I have the problem with passing by reference std::string to function in dll.

This is function call:

CAFC AFCArchive;

std::string sSSS = std::string("data\\gtasa.afc");

AFCER_PRINT_RET(AFCArchive.OpenArchive(sSSS.c_str()));
//AFCER_PRINT_RET(AFCArchive.OpenArchive(sSSS));
//AFCER_PRINT_RET(AFCArchive.OpenArchive("data\\gtasa.afc"));

This is function header:

#define AFCLIBDLL_API __declspec(dllimport) 
AFCLIBDLL_API EAFCErrors CAFC::OpenArchive(std::string const &_sFileName);

I try to debug pass-by-step through calling the function and look at _sFileName value inside function.

_sFileName in function sets any value(for example, t4gs..\n\t).

I try to detect any heap corruption, but compiler says, that there is no error.

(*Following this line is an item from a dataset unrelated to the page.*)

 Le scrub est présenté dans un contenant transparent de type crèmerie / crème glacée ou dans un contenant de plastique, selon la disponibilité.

DLL has been compiled in debug settings. .exe programm compiled in debug too.

What's wrong?? Help..!

P.S. I used Visual Studio 2013. WinApp.

EDIT

I have change header of func to this code:

AFCLIBDLL_API EAFCErrors CAFC::CreateArchive(char const *const _pArchiveName)
{
    std::string _sArchiveName(_pArchiveName);
    ...

I really don't know, how to fix this bug...

About heap: it is allocated in virtual memory of our process, right? In this case, shared virtual memory is common.

like image 995
Aleksey Avatar asked Mar 09 '14 06:03

Aleksey


1 Answers

The issue has little to do with STL, and everything to do with passing objects across application boundaries.

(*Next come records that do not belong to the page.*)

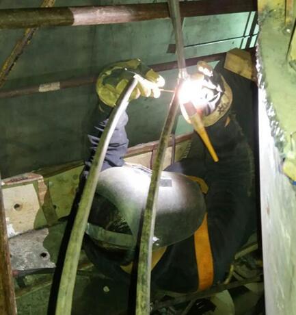 此次工程時間緊張、工作量大,更加考驗我們的是工作現(xiàn)場的超高溫度,經(jīng)電廠人員告知,我方施工區(qū)域的平均溫度一直處于40℃-50℃,峰值達53℃!它時時刻刻考驗著我們的耐性,透支著我們的體力。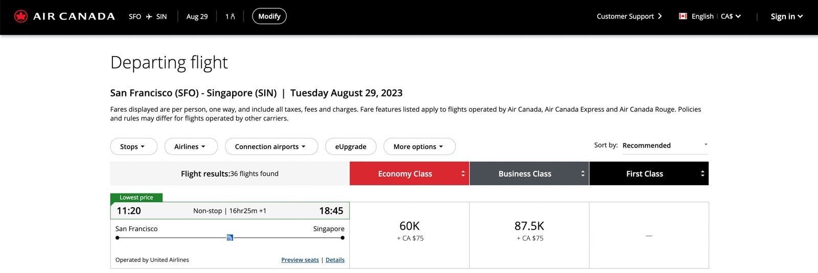 However, Air Canada Aeroplan required just 87,500 miles plus 75 Canadian dollars ($55) for the same ticket. It seemed worth spending $50 more to save 12,500 miles, so that's how I booked it.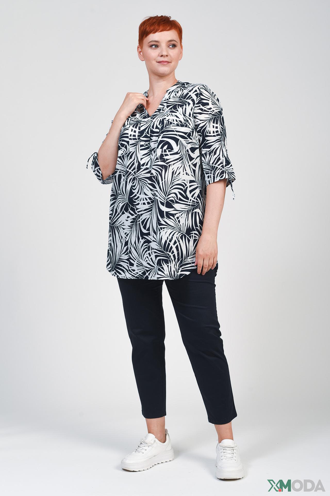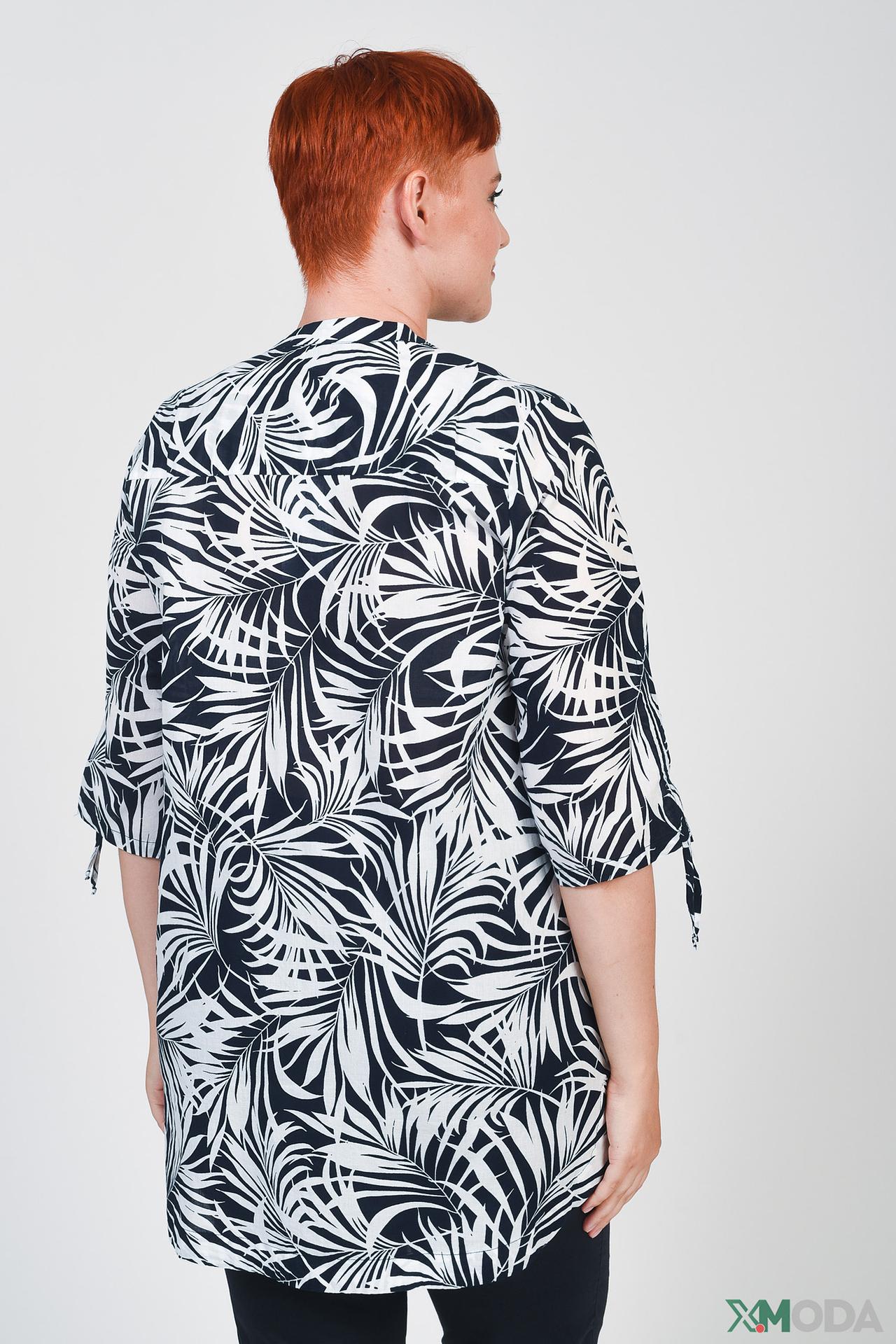 - Дизайн: Блуза имеет свободный крой и V-образный вырез горловины. Рукава 3/4 дополнены элегантными завязками, позволяющими регулировать их длину. Оригинальный принт с листьями добавляет образу динамичности и изысканности.

1) The DLL and the EXE must be compiled with the same project settings. You must do this so that the struct alignment and packing are the same, the members and member functions do not have different behavior, and even more subtle, the low-level implementation of a reference and reference parameters is exactly the same.

2) The DLL and the EXE must use the same runtime heap. To do this, you must use the DLL version of the runtime library.

You would have encountered the same problem if you created a class that does similar things (in terms of memory management) as std::string.

Probably the reason for the memory corruption is that the object in question (std::string in this case) allocates and manages dynamically allocated memory. If the application uses one heap, and the DLL uses another heap, how is that going to work if you instantiated the std::string in say, the DLL, but the application is resizing the string (meaning a memory allocation could occur)?